Brandon Borzelli's Geek Goggle Reviews

X-Men Original Sin #1
Marvel Comics
Way, Carey, Deodato & Eaton

The opening of the crossover between X-Men Legacy and Wolverine Origins has an interesting set up. The comic is split between both title’s creative teams into two chapters. The story is seamless in its hand off between teams. The comic deals with reestablishing Wolverine and Xavier’s relationship and bringing Wolverine’s son, Daken, into the picture for those who might not know him. It’s a good story but it doesn’t feel terribly essential for this crossover.

The story starts with Wolverine dropping Daken off at the house of one of his friends. Then he heads to see the X-Men. He wants Emma to mind wipe his son’s conditioning. What he finds is that Xavier’s scent is all over Cyclops. Wolverine goes beserk and storms off.

Eventually he finds Xavier hanging around and he then propositions Xavier to help with Daken. Xavier is less than thrilled to hear that someone wants to use him and his mind powers to un-brainwash someone and he ultimately has a confrontation with Wolverine. Meanwhile, Daken finds himself making friends with the wrong kind of people if you are an X-Men.

The issue doesn’t try to do too much. In fact, the few things it wants to accomplish are done quite easily, like setting up who Daken is and what Wolverine wants to get done. But when it tries to branch off it gets into trouble. For example, Wolverine just wants someone to get into his kid’s head, so he needs someone with psychic powers. This comic should have just had him find Xavier. Instead it tries to explain how Wolverine didn’t know Xavier wasn’t dead. The problem here is that he is so full of rage when he finds out Xavier’s alive he forgets to care when he meets Xavier to find out what exactly happened to this whole time he’s been missing. It’s trying to tie too many X-Men loose ends in and heaven knows there more to keep track of that can easily be counted.

The artwork has a consistent flow. There isn’t a ton of action to go on here so the comic captures some of the drama with the art, but the bulk is handled through the dialogue.

The comic provides an old reprint in the back to help mark the price up a buck and that’s pretty much the whole comic in a nutshell.

The story is okay, but it doesn’t seem to tell us anything more than a recap page could in the next issue.

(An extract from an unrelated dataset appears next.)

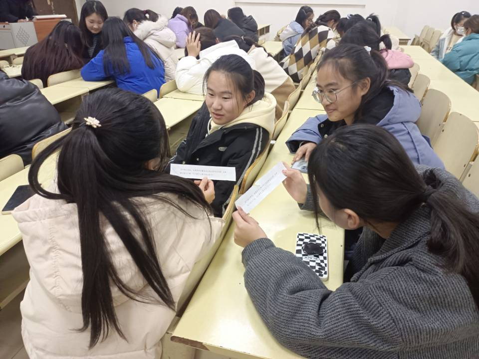 座谈会上,张子茹针对女大学生的普遍特点和女大学生常见心理问题做出讲解。随后,相关负责人将在座学生代表分成六组,并向各组发放关于学业危机、独立危机、财政危机、面子危机、爱情危机、骗局危机等方面的心理问题卡片。各小组成员需讨论面对卡片所示问题时的解决途径,并分享自己在日常学习生活中遇到的心理问题及应对措施。最后,学生共同观看抗抑郁温情短视频,学习如何培养正确的主观意识,更好地控制自我情绪。

It’s not a bad story it just doesn’t seem to be mandatory to follow this story. I liked it but I was a little turned off by the cover price and the confusing side plot of Wolverine freaking out about Xavier being alive. IF you do read this you will at least get a clear understanding of Wolverine’s motives and Xavier’s tance on this subject. Generally a good story, but I hope the overall crossover has more to offer than this one shot did.